I used BCAN resources to educate my family about what was about to happen. The way BCAN explains terminology such as ileal conduit and radical cystectomy is extremely helpful. All the material on the BCAN website is well-written and easy to use.  

It took about eight months to feel like myself again. I got a cane and started to walk around my neighborhood about two weeks after surgery even though I was not feeling it. My amazing partner, Jim, encouraged me every step of the way. He has been right beside me through this journey, including taking me to all appointments. My daughter lives in Vermont, which is far from where I live in Ohio. She came to stay with me for a week after the surgery.  My sister also came to help, and my son, who lives in town, has been terrific. I have been lucky to have friends and family that have supported me through this.

I was scheduled to go back to work six weeks after the surgery which was too soon for me.  Although I was able to work from home, I was still weak, nauseous, and did not have an appetite for months.  I had been pondering retiring, so I went back to work for about a month and retired.

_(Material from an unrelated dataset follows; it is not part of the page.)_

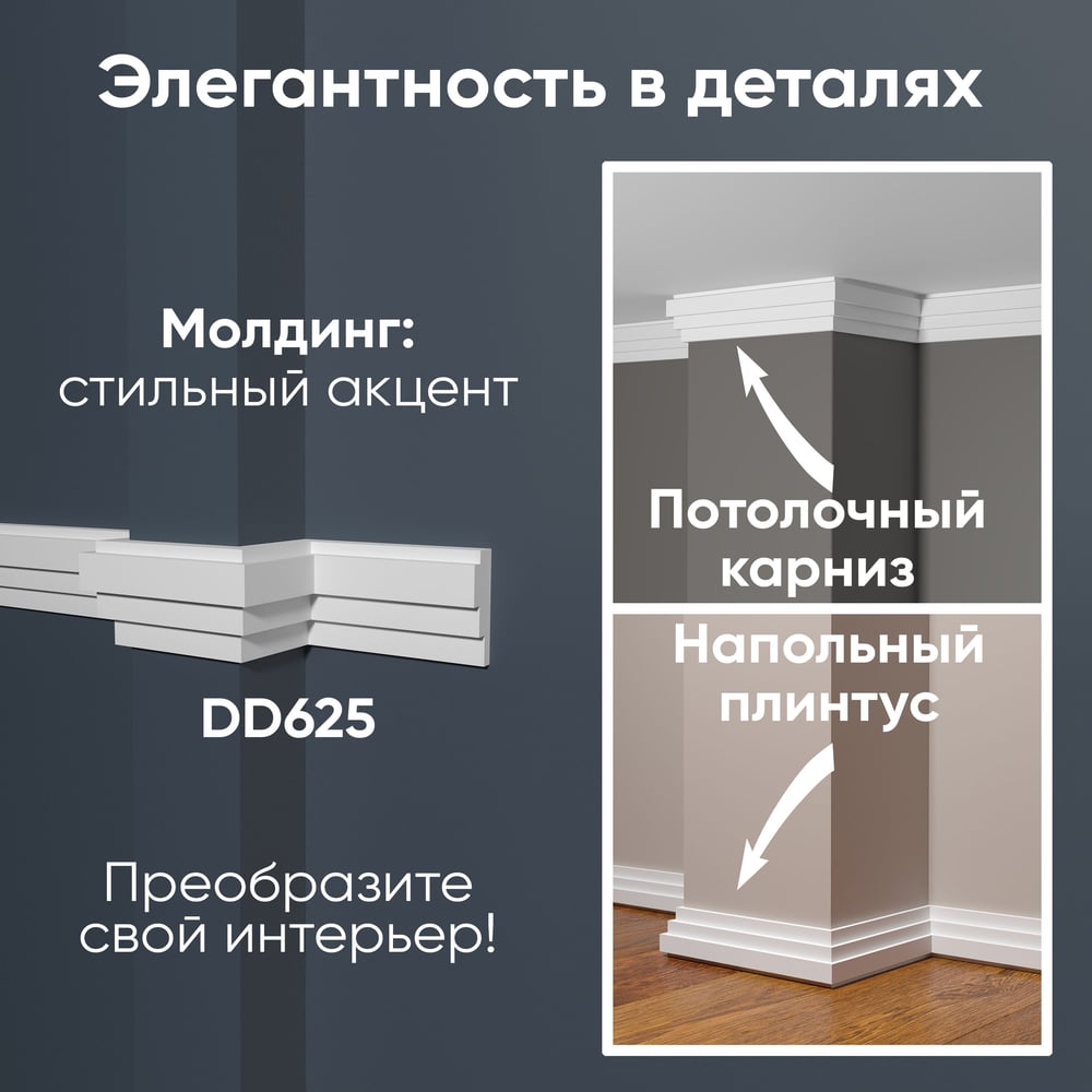 Ударопрочный влагостойкий стеновой молдинг под покраску Decor-Dizayn DD625

I so appreciate BCAN and Inspire as they remind me to give myself some grace as recovery takes time. I went from bicycle rides of over sixty miles to not being able to walk down the front steps.  It’s a lot but you have to take small steps and keep going.

It is important to take each day as it comes because the obstacles seem insurmountable in the beginning. I have run many marathons, and that training has helped me to keep going, even if the steps are small.  I’m happy to report No Evidence of Disease (NED) on my most recent scan.

Receiving a bladder cancer diagnosis is overwhelming. It is often surprising. We each have our own journey. You may have friends and family and the medical community to support you, but in the end, it is up to you.